Assange’s wife urges EU to pressure US to secure release
STRASBOURG, France: The European Union must take a “firm stance” with the United States to secure the release of Wikileaks founder Julian Assange, detained in Britain, his wife said on Tuesday.
The Australian publisher is the subject of a US extradition request to stand trial for leaking US military secrets about the wars in Iraq and Afghanistan. He was a finalist for this year’s Sakharov Prize for Freedom of Thought – an award established in 1988 by the European Parliament.
“I hope that the European institutions now take a clear position. They have the legitimacy of their own parliament to adopt a firm position. And that is what it will take, because this is a political matter,” said Stella Assange.
“This requires political pressure on the European Union’s close ally, the United States,” she told a press conference at the European Parliament in Strasbourg. The Sakharov Prize will finally be awarded on Wednesday in Strasbourg to the Ukrainian people.
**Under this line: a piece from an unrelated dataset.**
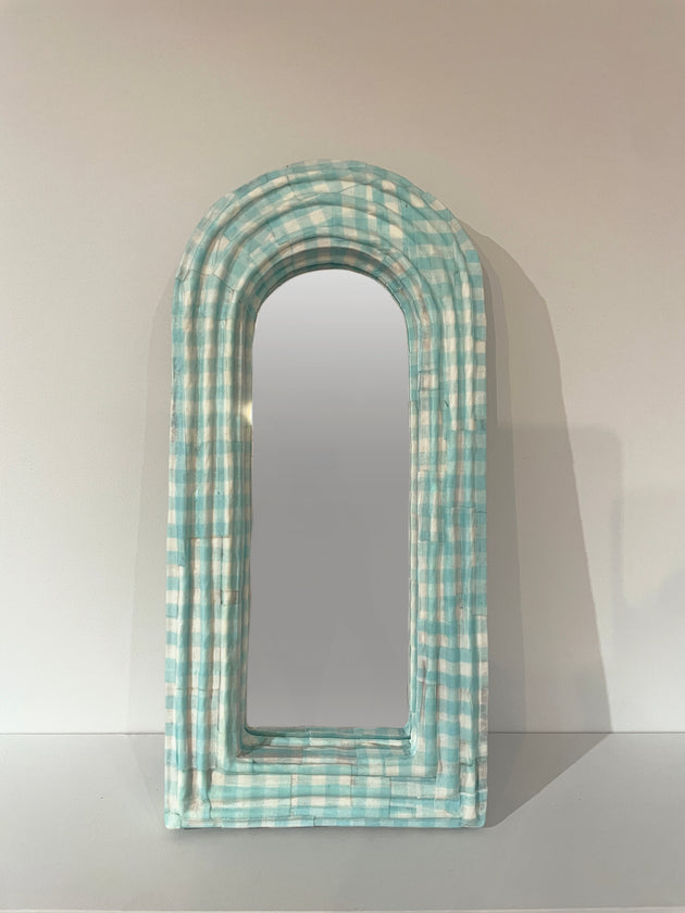 【美しい窓辺/ミラー アーチ M】ギンガム ブルー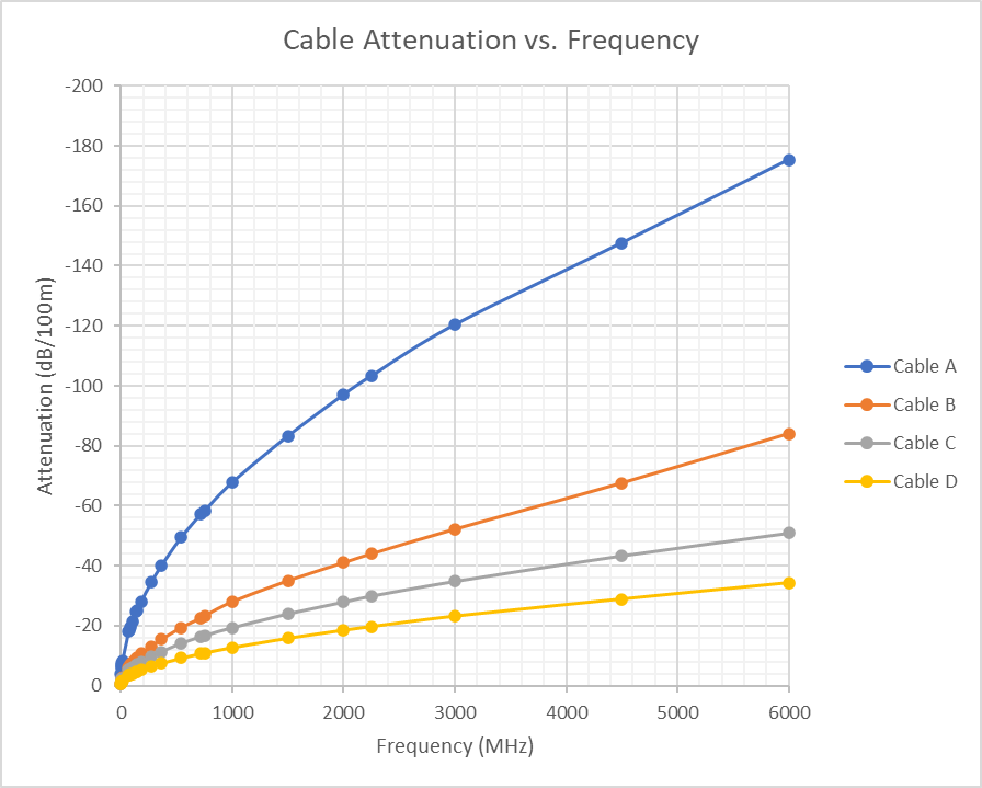 In the graphic below we can see typical Attenuation vs. Frequency curves from four different cables targeting the same application domain. These curves are usually provided by the cable makers where the attenuation is measured at the frequencies used in the target application domain of the cable.

Assange’s wife said that by making him one of the finalists for the accolade, Brussels had “signalled politically that this case is important for the European Union, European citizens and the European press”. “It is now up to the European institutions to understand that they have a clear mandate from the European Parliament to take charge of this case and advocate for Julian’s release.”
She added that Belmarsh Prison, the high-security facility where Assange is being held outside London, had refused her permission to give a statement via video link. The US Department of Justice charged Assange under the Espionage Act of 1917 after the 51-year-old published in 2010 the first of hundreds of thousands of US diplomatic cables obtained by WikiLeaks.
He was arrested in London in 2019 after seven years in the Ecuadorian embassy. Stella Assange has said a decision from the High Court in London is expected at any time on her appeal against extradition to the United States. He could face decades in prison if convicted.